WHAT IS BEING ASKED.
Pictures excluded, output the lines of the data below between the one holding "Versleten middenblauw voor" and the one holding "Gathering Love Hearts", inclusive, exactly as they stand.

□ □ □ □ □ □ □

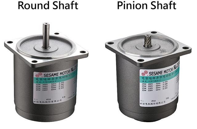 There are two types of output shaft of the AC standard motor: the round shaft and the pinion (geared) shaft, only the motor with pinion shaft can be assembled with gearhead (speed reducer). Depending on the model of the motor and the gearhead, the combination can be done when the model of the "frame size" and the "shaft type" are the same. Therefore, check the model of motor and gearhead before ordering and installing. If motor and gearhead do not mesh smoothly, tune the gearhead slightly left and right while assembling.
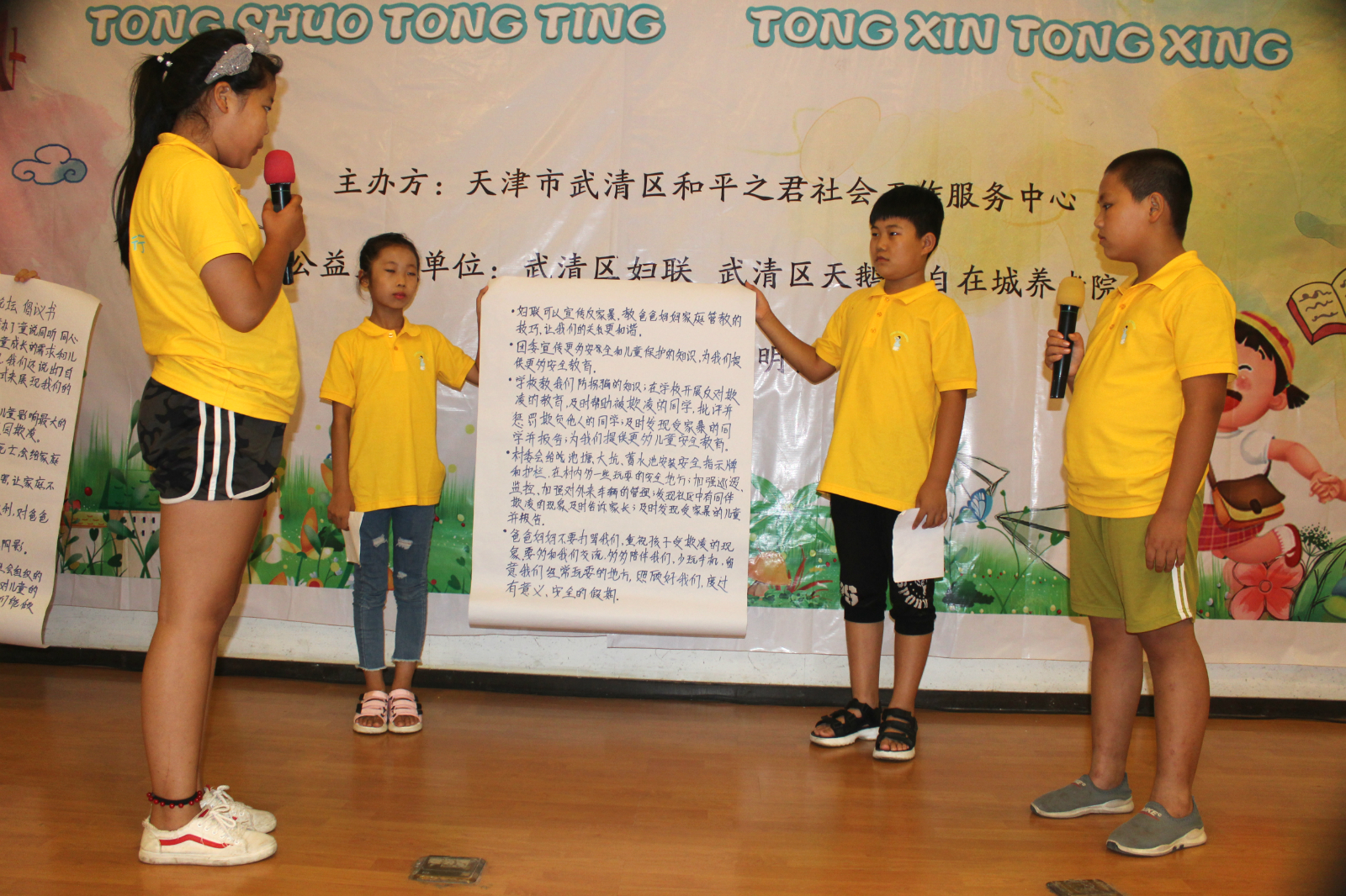 本地公益组织在回答儿童的问题,近年来,武清区本地公益组织自发组织了家长委员会,通过集体亲子活动的形式向更多家长传输正面管教积极关爱的家庭教育方法。
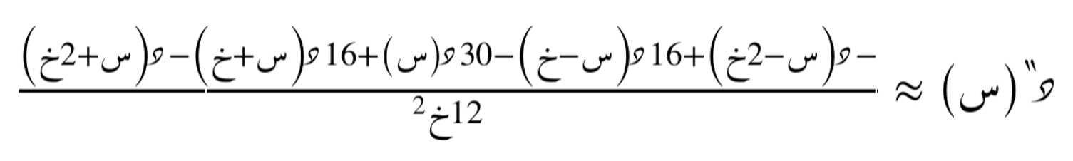يُمثّل هذا التقريب صيغة متقدّمة للفروق المركزية للمُشتقة الثانية، حيث يأخذ في الاعتبار حدود المتسلسلة حتى الدرجة الرابعة، ويعتمد على قيم الدالة في نقاط متعددة حول النقطة المدروسة، وليس فقط على النقاط السابقة أو اللاحقة مباشرةً. يتيح هذا الأسلوب تحسين دقّة التقريب بشكل ملحوظ مقارنةً بالطرق الأبسط، ويُستخدم في التطبيقات التي تتطلّب تقديراً عددياً عالي الدقّة للمُشتقات.
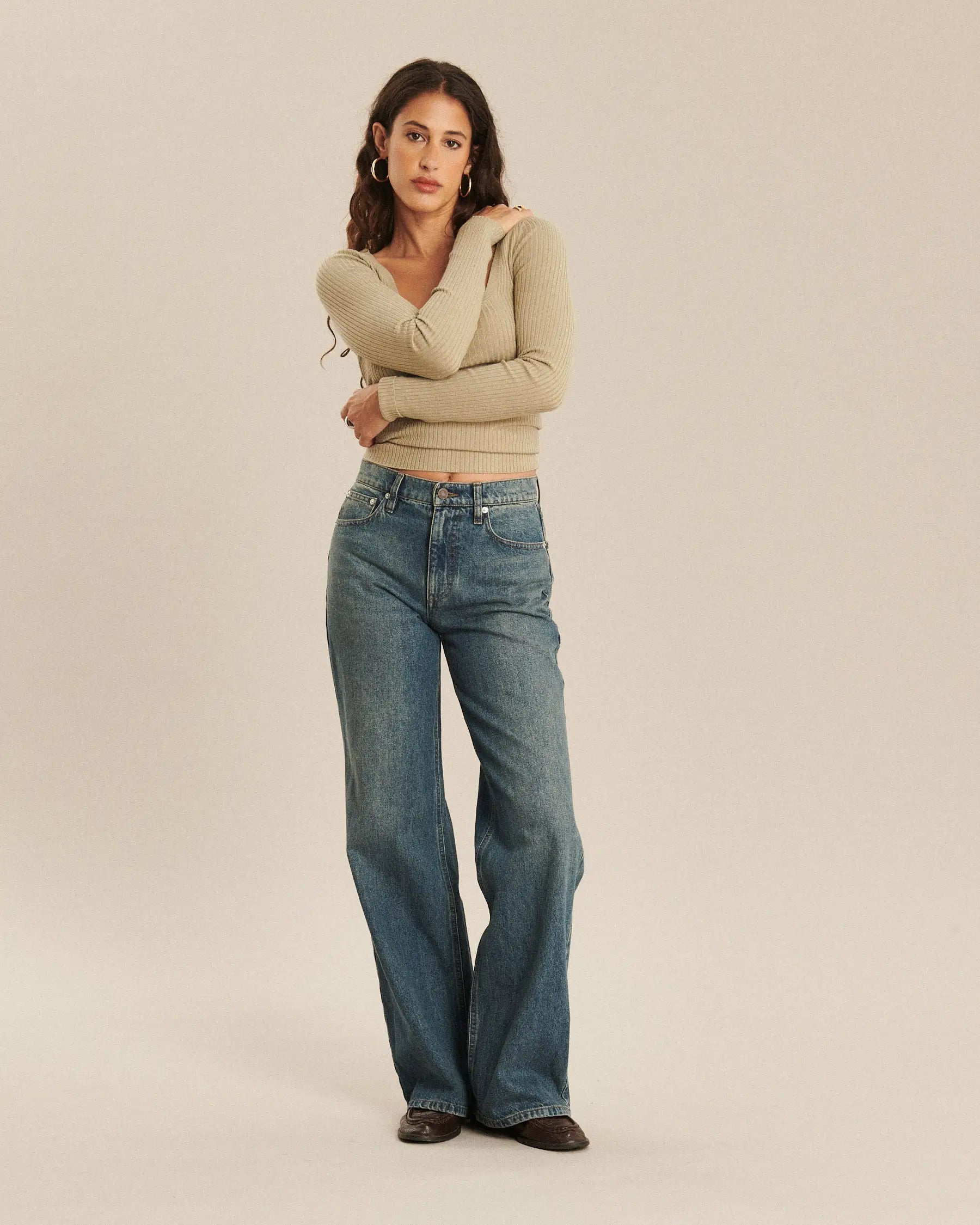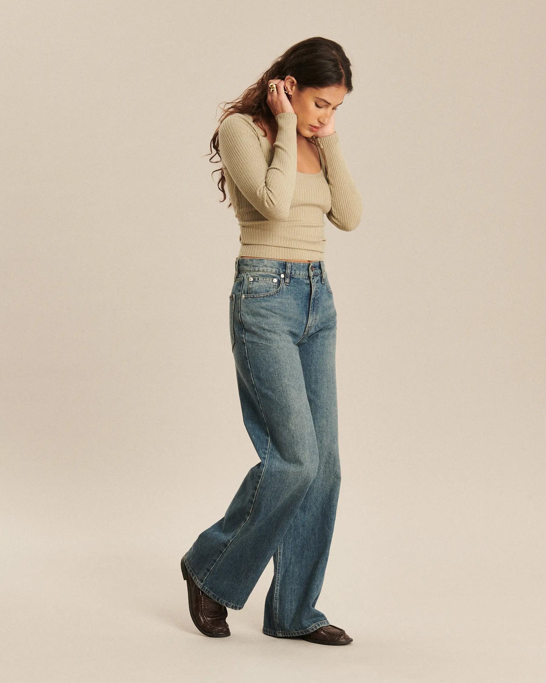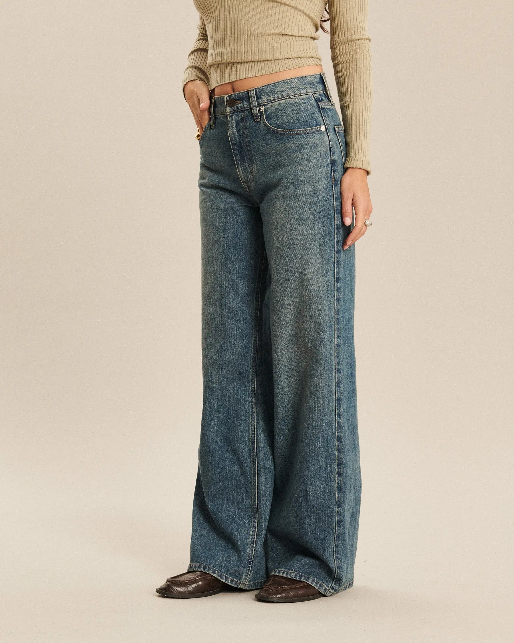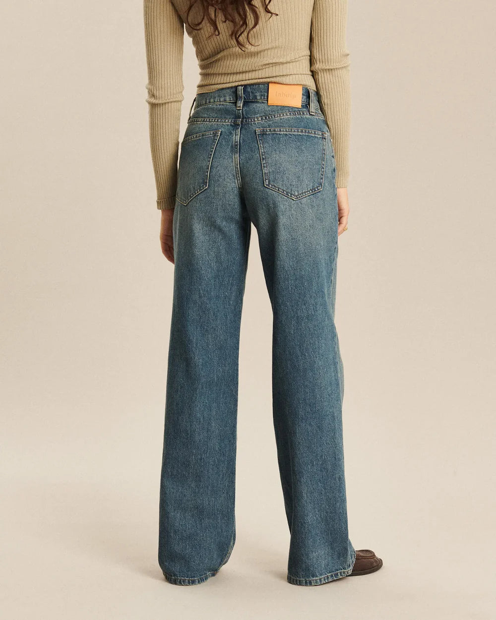 Versleten middenblauw voor een natuurlijk gedragen, vintage effect.
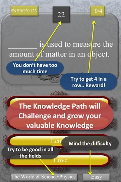Some games take learning and 'brain-training' too seriously, and by doing this they transform gaming and playing into work and studying.. Some games don't offer any educational or useful content, and are just made of long and endless repetitions of similar activities... KWEST is a hybrid game that brings you the best of different worlds: A challenging, meaningful, and entertaining adventure, that let's learn new things, and exercise your mental muscles.
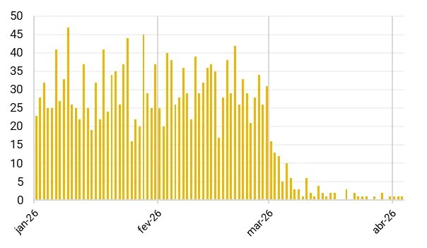 Assim, conforme ilustramos no gráfico abaixo, o tráfego de navios pelo local caiu cerca de 90% no mês de março, transformando a lógica do conflito de uma guerra militar para uma guerra logística e econômica Alguns países da região do golfo se viram obrigados a reduzir ou interromper a extração de petróleo, dada a incapacidade de escoamento da produção, enquanto países europeus e asiáticos dependentes da importação do petróleo da região começaram a adotar políticas de racionamento de combustíveis, alimentando os temores de que o conflito afete a atividade econômica global.
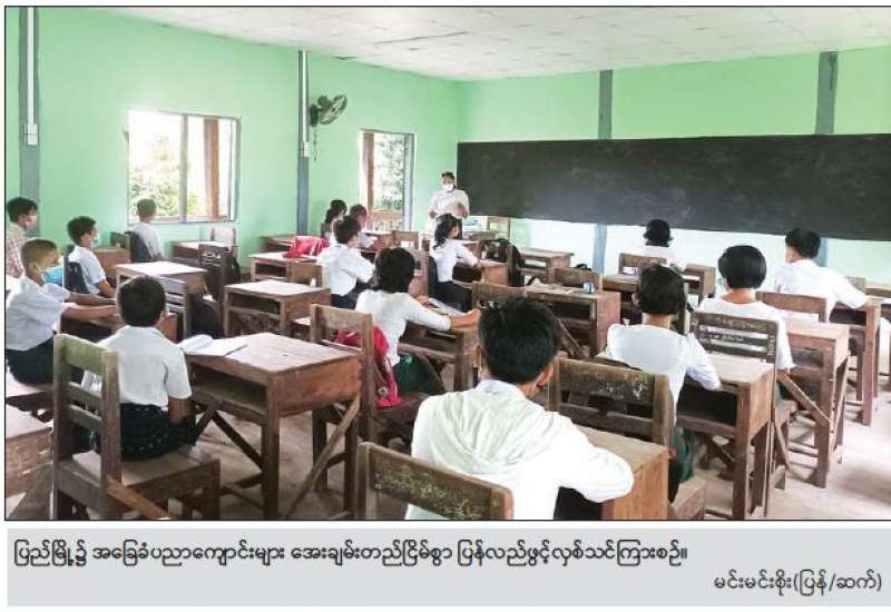 ကိုဗစ်-၁၉ ရောဂါ ဓာတ်ခွဲအတည်ပြုလူနာသစ်တွေ့ရှိမှု၊ ဓာတ်ခွဲအတည်ပြု လူနာ တွေ့ရှိမှုနှုန်းနှင့် ပိုးတွေ့ ရာခိုင်နှုန်းများကို သုံးသပ်ဆန်းစစ်၍ တိုင်းဒေသကြီးနှင့် ပြည်နယ်အသီးသီးရှိ မြို့နယ် (၄၆) မြို့နယ် မှအပ ကျန်မြို့နယ်များအားလုံးမှ အခြေခံပညာဦးစီးဌာနအောက်ရှိ အခြေခံပညာကျောင်းများ (ပုဂ္ဂလိကကျောင်းများ၊ ဘုန်းတော်ကြီးသင် ပညာရေးကျောင်းများအပါအဝင်) အား ၂၀၂၁-၂၀၂၂ ပညာသင်နှစ်အတွက် ယနေ့တွင် တည်ငြိမ်အေးချမ်းစွာ တစ်ပြိုင်တည်း ပြန်လည်ဖွင့်လှစ် သင်ကြားပေး လျက်ရှိသည်။
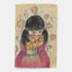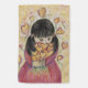 Gathering Love Hearts Artwork features a girl holding a bouquet of hearts. Golden hearts swirl around her. Art is a reminder to receive love and how it can sustain us. Inspirational artwork by Laurel Latto for DonnaBellas Angels.
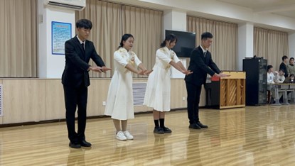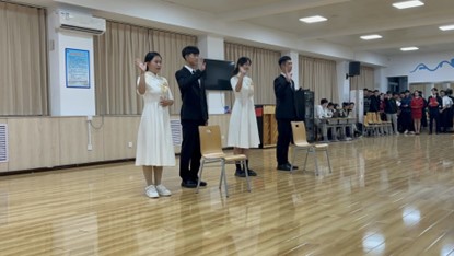 各院代表队都做足了充分准备,举止大方言谈优雅,在评委的面前跳着礼仪操,展现着礼的雅致,仪的气势,现场整齐有序而又饱含激情。音乐的节奏伴着高跟与木地板的敲击声,精致的妆容伴着整齐划一的动作,别是一番风味。申慱sunbet娱乐率先登场,他们迈着从容自信的步伐,他们举止文雅,做过简单介绍后便开始了礼仪操的展示。音乐轻快,节奏明晰,每一个动作都透露着优雅,每一个节拍都展示着风采。
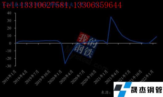 房地產數據表現超預期,而且改善程度之大可能是大多數人未預料到的。全國房地產開發投資同比增長3.7%,施工面積同比增長1.8%;商品房銷售面積同比下降9.6%,新開工面積同比下降12.2%。去年12月,施工面積和新開工面積同比增速均降至-30%以下,此次施工面積同比轉正,且商品房銷售面積和新開工面積同比降速收窄幅度大。另外,竣工面積同比增速確意外地轉負。這些數據與我們觀察到的高頻數據和得到的調研結論(見附錄)表現具有較大差異。同時,國房景氣指數已經止住自去年5月以來的下跌趨勢,1-2月該指數環比去年12月略微回升。我們提示,國房景氣指數是觀察房地產行業和厚壁無縫鋼管價格的重要先行指標,若該指數反映情況真實,房地產行業有望在2季度末之前“提前”企穩,或將對厚壁無縫鋼管價格形成一定的支撐。
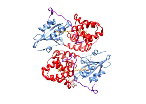 Orange carotenoid protein (OCP) is a water-soluble protein which plays a role in photoprotection in diverse cyanobacteria.[1] It is the only photoactive protein known to use a carotenoid as the photoresponsive chromophore. The protein consists of two domains, with a single keto-carotenoid molecule non-covalently bound between the two domains. It is a very efficient quencher of excitation energy absorbed by the primary light-harvesting antenna complexes of cyanobacteria, the phycobilisomes. The quenching is induced by blue-green light. It is also capable of preventing oxidative damage by directly scavenging singlet oxygen (1O2).
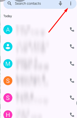 सबसे पहले आपको अपने मोबाइल में फोन डायलर एप्लीकेशन ओपन करना है फोन डायलर एप्लीकेशन में आने के बाद आपको राइट साइड में ऊपर 3 डॉट पर क्लिक करना है।

□ □ □ □ □ □ □

RESULT OF THE TASK.
 Versleten middenblauw voor een natuurlijk gedragen, vintage effect.
Some games take learning and 'brain-training' too seriously, and by doing this they transform gaming and playing into work and studying.. Some games don't offer any educational or useful content, and are just made of long and endless repetitions of similar activities... KWEST is a hybrid game that brings you the best of different worlds: A challenging, meaningful, and entertaining adventure, that let's learn new things, and exercise your mental muscles.
 Assim, conforme ilustramos no gráfico abaixo, o tráfego de navios pelo local caiu cerca de 90% no mês de março, transformando a lógica do conflito de uma guerra militar para uma guerra logística e econômica Alguns países da região do golfo se viram obrigados a reduzir ou interromper a extração de petróleo, dada a incapacidade de escoamento da produção, enquanto países europeus e asiáticos dependentes da importação do petróleo da região começaram a adotar políticas de racionamento de combustíveis, alimentando os temores de que o conflito afete a atividade econômica global.
 ကိုဗစ်-၁၉ ရောဂါ ဓာတ်ခွဲအတည်ပြုလူနာသစ်တွေ့ရှိမှု၊ ဓာတ်ခွဲအတည်ပြု လူနာ တွေ့ရှိမှုနှုန်းနှင့် ပိုးတွေ့ ရာခိုင်နှုန်းများကို သုံးသပ်ဆန်းစစ်၍ တိုင်းဒေသကြီးနှင့် ပြည်နယ်အသီးသီးရှိ မြို့နယ် (၄၆) မြို့နယ် မှအပ ကျန်မြို့နယ်များအားလုံးမှ အခြေခံပညာဦးစီးဌာနအောက်ရှိ အခြေခံပညာကျောင်းများ (ပုဂ္ဂလိကကျောင်းများ၊ ဘုန်းတော်ကြီးသင် ပညာရေးကျောင်းများအပါအဝင်) အား ၂၀၂၁-၂၀၂၂ ပညာသင်နှစ်အတွက် ယနေ့တွင် တည်ငြိမ်အေးချမ်းစွာ တစ်ပြိုင်တည်း ပြန်လည်ဖွင့်လှစ် သင်ကြားပေး လျက်ရှိသည်။
 Gathering Love Hearts Artwork features a girl holding a bouquet of hearts. Golden hearts swirl around her. Art is a reminder to receive love and how it can sustain us. Inspirational artwork by Laurel Latto for DonnaBellas Angels.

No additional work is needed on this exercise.